While these stories were being discussed, other groups focused on interoperability. The touchstone example was email. We take it for granted that many kinds of email clients can work with many kinds of email servers. Clearly annotation clients and servers should work the same way. The W3C’s Web Annotation Working Group has laid a good foundation that defines a basic data model for annotations, and an API for exchanging them. To flesh out basic interop, we’ll also need to define how users authenticate, discover annotation layers, and carry individual and group identities across systems.

In the scholarly world, of course, annotation will often require precision and semantic richness that we don’t expect in email. How will we relate annotations to domain-specific ontologies? We can’t expect to standardize semantics anytime soon. But we can design for progressive enhancement and graceful degradation. In a conversation between an enhanced client and an enhanced server, annotations about a gene sequence may convey meaning that’s unintelligible to basic clients and servers. That’s OK so long as all clients and servers can exchange basic annotations and none are confused by enhancements.
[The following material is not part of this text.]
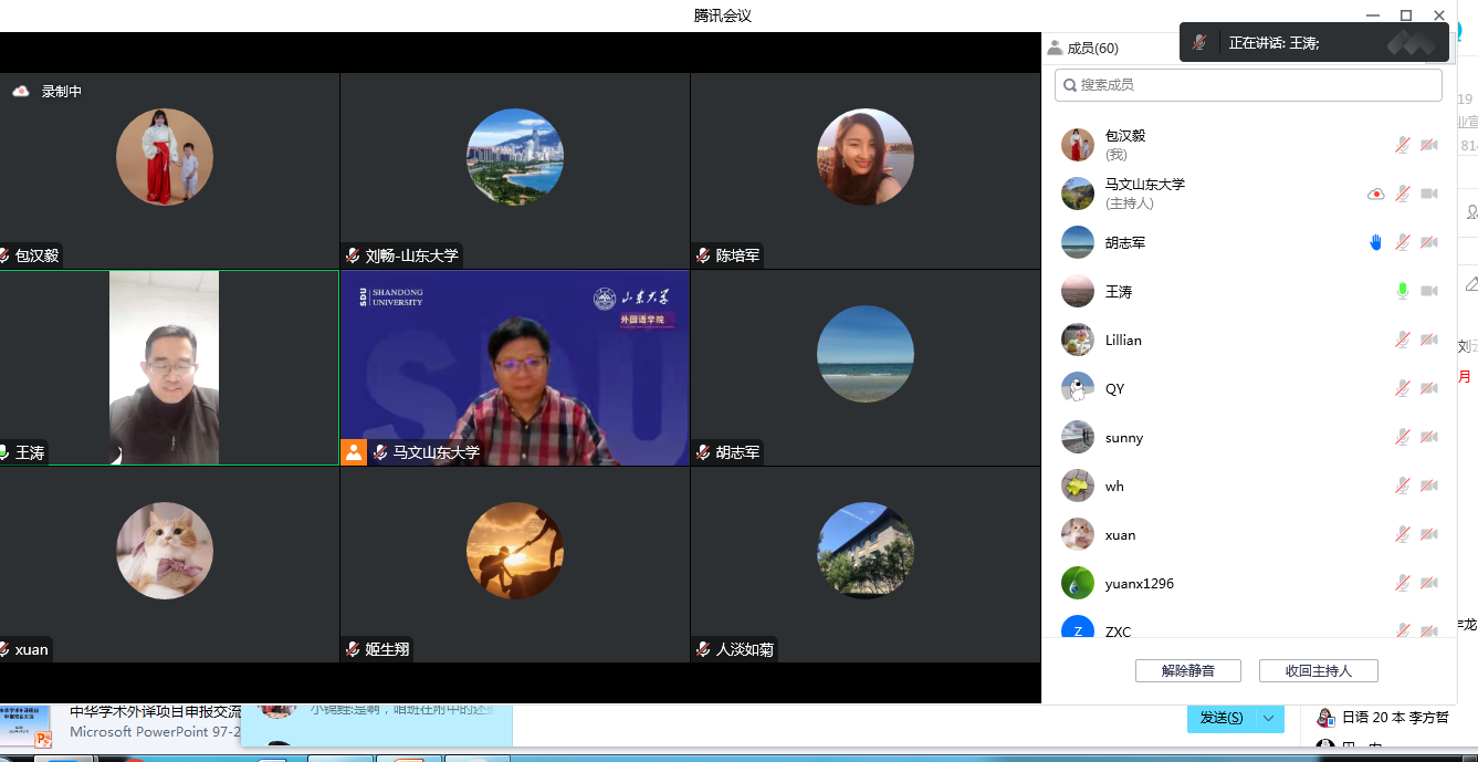 人文社科研究院副院长王涛首先作报告,指出应从贯彻落实党的二十大精神的高度来实施中华学术外译项目的申报工作,并介绍了全校和全国各高校的申报立项情况。

Brooks Hanson, Director of Publications for the American Geophysical Union, summed up the day with a list of goals for a scholarly annotation layer:

  • It must be built on an open but standard framework that enables global discovery and community enrichment.
  • It must support granular annotation of elements in all key formats, and across different representations of the same content (e.g. PDF vs HTML).
  • There must be a diversity of interoperable annotation systems.
  • These systems must be fully accessible to humans, who may need assistance to use them, and machines that will use APIs to create and mine annotations.
  • It must be possible to identify people, groups, and resources in global ways, so that sharing, discovery, and interconnection can span repositories and annotation services.

These are lofty goals. The energy and buzz in the room, all day long, reflected a shared sense that they are achievable, and that we’ve made demonstrable progress. What’s next? A number of subgroups talked about trials and prototypes. We’ll track those here as they emerge. Dr. Maryann Martone will be providing an update on the coalition’s progress to-date at the I Annotate conference. Interested parties can join the coalition working group to monitor progress. Meanwhile, we’ll keep doing our part to help bring an ecosystem of scholarly annotation to fruition.